Although he didn't want to.
"I had expected your Triwizard tasks first," Snape commented quietly, if only to break the powerful silence that was lying heavily on them.
"Not terrifying enough," Potter answered calmly, but some underlying tension in his voice told Snape that even Saint Potter wasn't entirely unaffected by the situation.
"Here they come," He suddenly whispered, and Snape whirled around from his nervous study of Potter the boy, to see a cloaked figure with a bundle in his arms approaching them. One look at the stooping figure, its slightly hesitant walk and movement of the arms was enough to assure Snape of his identity.
Pettigrew. And in his arms the abomination that was to become Lord Voldemort once more, the terror of the British Wizarding World.
A scream to his left made Snape turn back sharply to the Potter boy, a scream of such excruciating pain, such utter agony that Snape expected the Fading to start here and now. But there was no sign of the eerie light rising around the fallen figure that desperately crawled at his face, and after a moment Snape remembered that Potter had always been affected like this by the Dark Lord's presence.
He had simply always imagined that the boy had exaggerated the agony it caused him.
"Kill the spare."
A high, thin voice now commanded, and Snape could feel Potter the man by his side shudder. He stretched out a hand, as if to stop Wormtail, but realized the futility of it and let the arm drop to his side.
"Avada Kedavra!" Pettigrew shouted, and while disbelieving realization painted a mask of horror on the younger Potter's face, the elder one's sank into passivity.

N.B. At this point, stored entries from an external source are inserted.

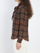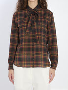 SAINT LAURENT LAVALLIERE TARTAN SHIRT BROWN BROWN CASSANDRE TARTAN DESIGN POINTED COLLAR REMOVABLE LAVALLIERE TIE FLAP PATCH POCKETS SINGLEBUTTON CUFFS WOOL SHIRTS TOPS CLOTHING WOMEN
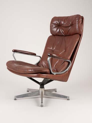 Aluminiumguss, Lederbezug braun, s essel drehbar. H. 94 cm, B. 72 cm, T. 86 cm
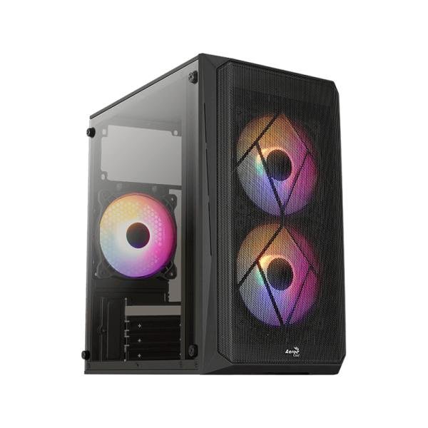 - Diseño Compacto y Elegante: El AeroCool CS-107 redefine lo que significa ser un case mini tower. Su diseño negro, complementado con un panel de vidrio templado, no solo agrega un toque de sofisticación a tu espacio de juego, sino que también facilita la visualización de tus componentes internos.
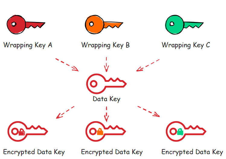 The security of your encrypted data depends in part on protecting the data key that can decrypt it. One accepted best practice for protecting the data key is to encrypt it. To do this, you need another encryption key, known as a key-encryption key or wrapping key. The practice of using a wrapping key to encrypt data keys is known as envelope encryption. See the images below for a visual explanation on enevelope encryption:
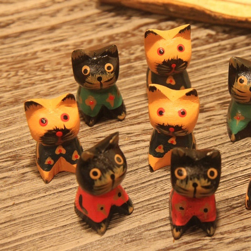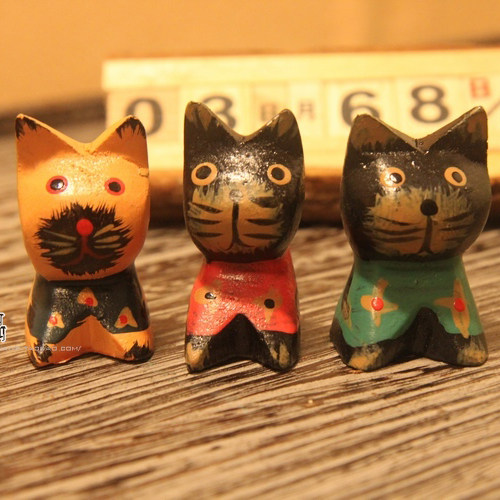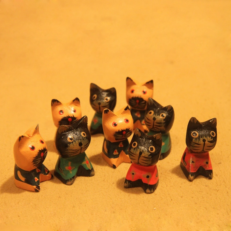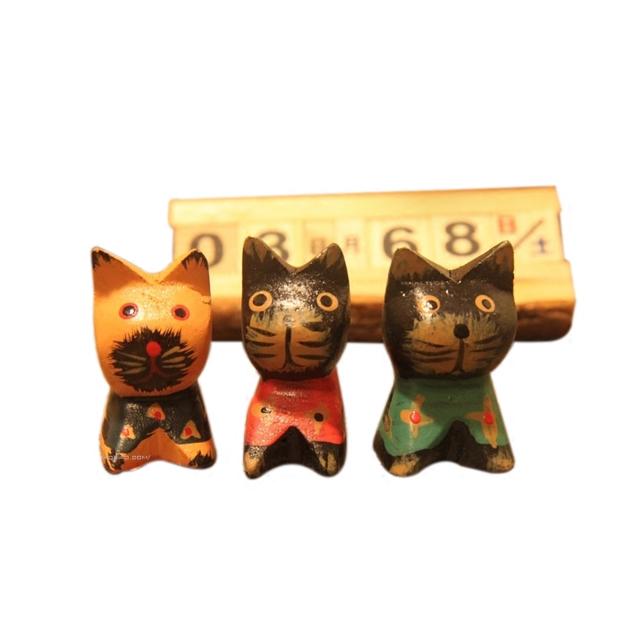 【宅原品】巴厘岛原木手工彩绘木雕 迷你可爱猫 木质ZAKKA摆件
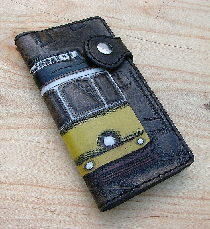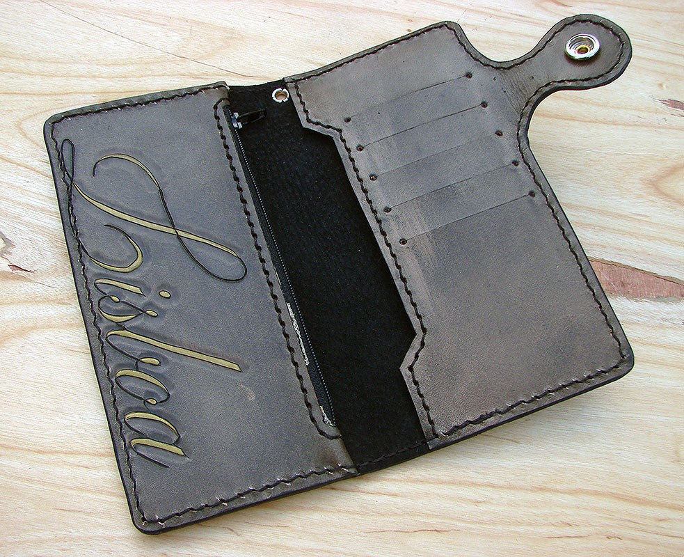 Wallet in cow leather style biker is manufactured by us, has a design engraved's hand embossed with electric Lisbon, has 2 large pockets for notes and documents, five small pockets for cards like ATM and zipped pocket for coins.
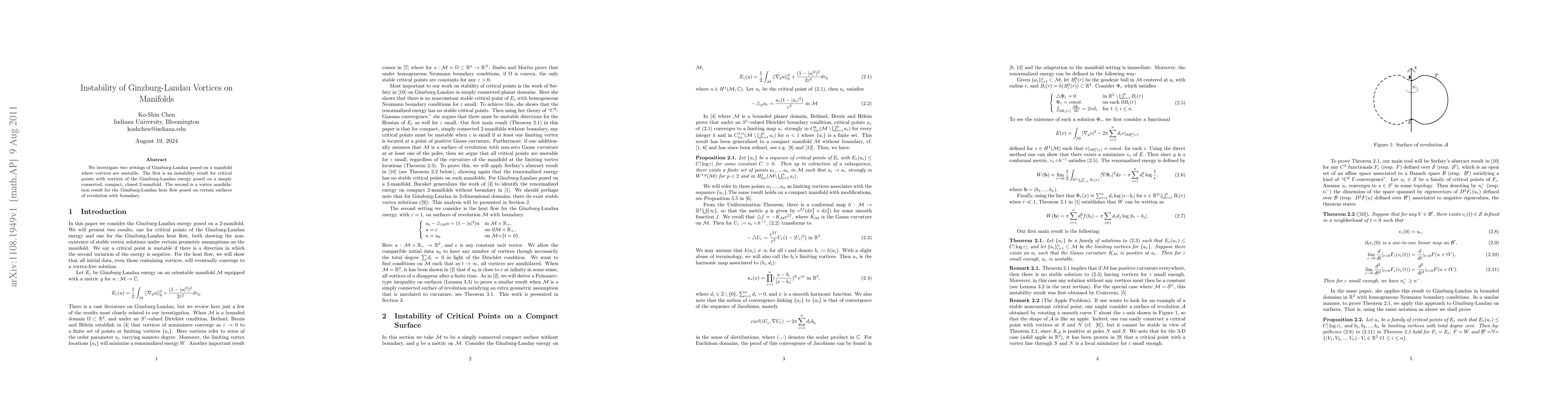 This paper explores instabilities in Ginzburg-Landau vortices on manifolds, demonstrating instability for critical points on compact, simply connected 2-manifolds and vortex annihilation for Ginzburg-Landau heat flow on surfaces of revolution with boundary.

"The first of oh so many," He whispered, or Snape thought that he whispered it, then turned around and walked slowly towards his younger counterpart, whom Pettigrew slammed against a marble headstone.

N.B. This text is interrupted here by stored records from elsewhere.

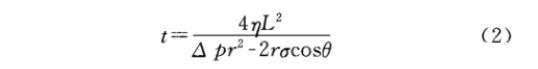 從式(1)可以看出,助排劑的表/界面張力越低,巖石越接近中性潤濕,則毛細管力越小,越有利于返排。另外,根據(jù)Poiseulle方程,當(dāng)排驅(qū)壓差為△p(MPa)時,從半徑為r(m),長為L(m)的毛細管中排出黏度為η(mPa·s),表面張力為σ(mN/m)和接觸角為θ(°)的液體所需時間t(s)的表達式為:
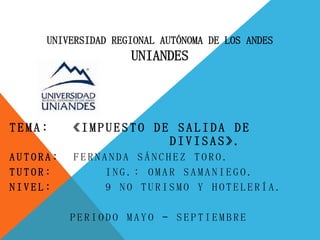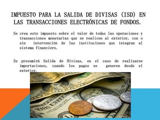 Este documento describe el impuesto de salida de divisas aplicado a las transacciones electrónicas de fondos que se realizan al exterior en Ecuador. La tarifa del impuesto es del 5% y no se aplica a montos menores a USD 1,000 dólares transferidos en un período quincenal. El impuesto no se cobra para ciertas importaciones como equipaje de viajero, donaciones humanitarias, y bienes diplomáticos.
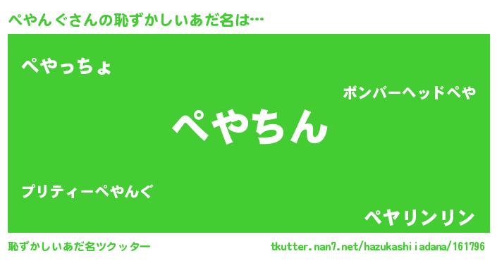 | 意味不明あだ名 | 『永久保存ぺやんぐ』 |
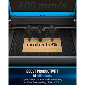 The robust design also includes a honeycomb work surface that guarantees stability, ensuring that every engraving or cutting task is done with a solid base. Weighing in at 187 lb, similar to a sturdy bookshelf, the OMTech laser engraver stands equipped to handle extensive operations while maintaining durability. It's the perfect addition to any home workshop or professional environment.
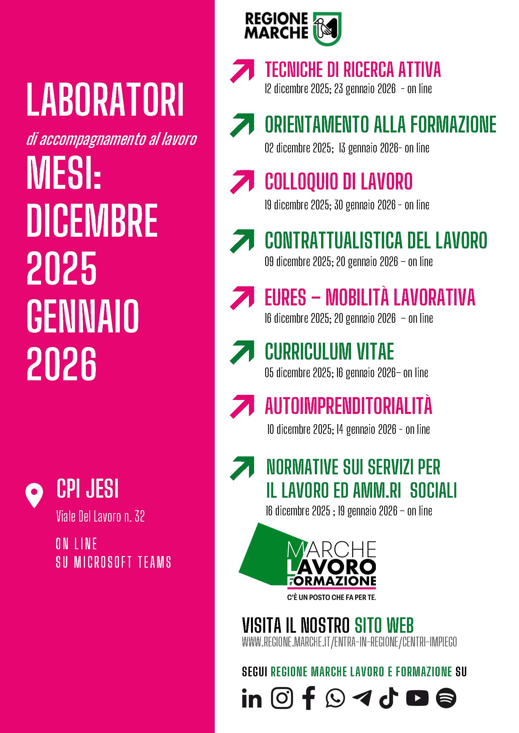 giovedì 8 gennaio 2026 09:17 CPI DI JESI – LABORATORI DI ACCOMPAGNAMENTO AL LAVORO – DICEMBRE 2025 - GENNAIO 2026 “Il Centro per l'Impiego di Jesi propone per i mesi di DICEMBRE 2025 e GENNAIO 2026 un’ampia offerta di LABORATORI DI ACCOMPAGNAMENTO AL LAVORO E POLITICA ATTIVA, intesi a supportare la persona nel percorso di inserimento o reinserimento nel mercato del lavoro. I Webinar sono realizzati on line mediante piattaforma gratuita Microsoft Teams. Per partecipare è sufficiente prenotarsi inviando una e.mail a centroimpiegojesi@regione.marche.it indicando il laboratorio prescelto ed i propri dati anagrafici. Per informazioni di dettaglio su ciascun laboratorio si rinvia alla locandina in allegato”. --> LOCANDINA
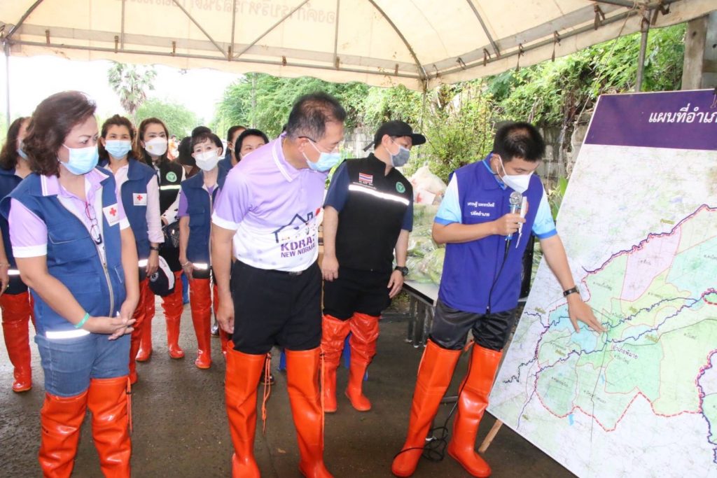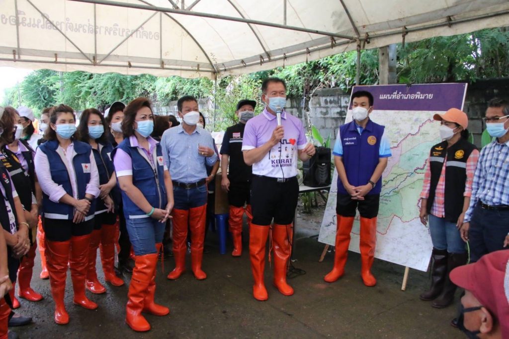 วันที่ 16 ตุลาคม 2564 นายวิเชียร จันทรโณทัย ผู้ว่าราชการจังหวัดนครราชสีมา พร้อมด้วยนางณัฏฐินีภรณ์ จันทรโณทัย นายกเหล่ากาชาดจังหวัดนครราชสีมา คณะกรรมการและสมาชิกเหล่ากาชาดจังหวัด ลงพื้นที่ตรวจเยี่ยมและแก้ไขปัญหาน้ำท่วมและระบายน้ำช้าให้กับประชาชนที่ได้รับผลกระทบจากภาวะน้ำท่วม ในพื้นที่อำเภอพิมาย จำนวน 40 ครัวเรือน ณ บ้านวังกุ่ม ม.14 ต.ในเมือง อ.พิมาย จ.นครราชสีมา
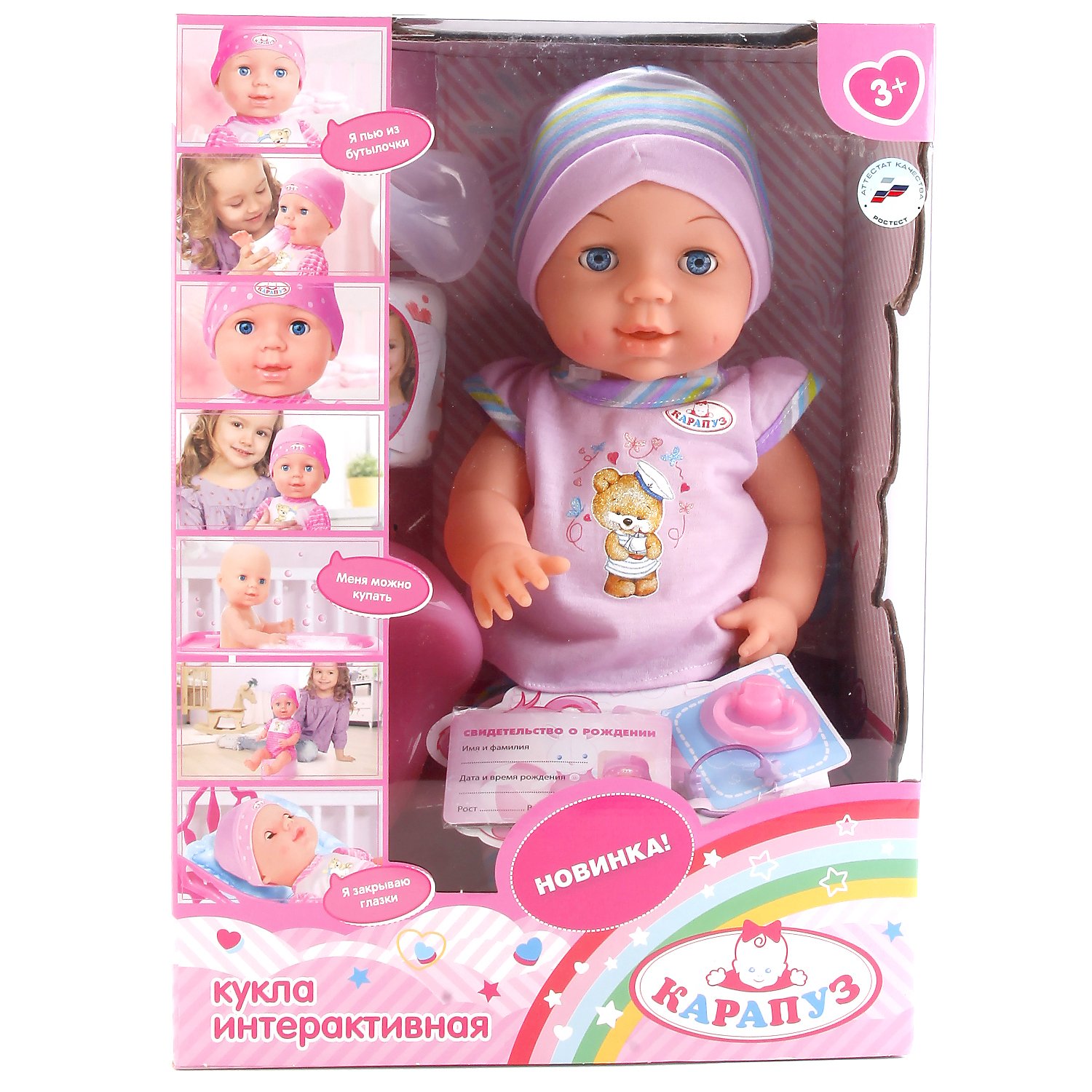 Пупс Карапуз интерактивная в фиолетовом костюме (Y40DP-BR-RU) 222478

"Have you ever seen a resurrection ritual?" Potter-the-man asked conversationally, his side leaning against the stone that marked Tom Riddle's grave. "It is a ghastly thing, even for a grown wizard. Nothing to be watched by children, certainly. But as I was one of the main ingredients…"
He shrugged. "Rather reminds me of these 19th century adventure tales, where explorers were caught by cannibals and eaten, but I must say…"
Snape sent him a single, burning look, and he fell silent immediately, understanding in a heartbeat that this moment was difficult not only for himself. More than one life had changed because of this night, and though Snape hadn't been present, the events at Little Hangleton had meant more than three years of slavery for him.
Snape walked over to Potter-the-boy, who was bound by tight cords from head to feet, a dazed, slightly dead look in his eyes. Snape understood how the boy must feel. Even for him, who had listened to the account of this night for so many times that he could have choreographed it himself, everything went too fast, Pettigrew's movements a blur in the corner of his eye while he desperately tried to keep his concentration on both Potters, to ignore what went on behind him.
But against his will, his own memory supplied him with images that were dancing across his vision – the things he had read about this ritual, the face and body of the monster that was to become his master again. His own memory, sitting in the stands of the Triwizard Tournament, waiting for the flashy idiocy to be finally over, when suddenly, his Dark Mark had flared into full life again…
He heard the words of the ritual, pronounced with a shaky voice, and saw Potter-the-boy's horror, his rising panic and pain as Pettigrew's knife pierced the crook of his arm, and his desperate plea that the thing in the cauldron would drown, that it would somehow still be alright, that this nightmare he had suddenly entered would give way for reality again.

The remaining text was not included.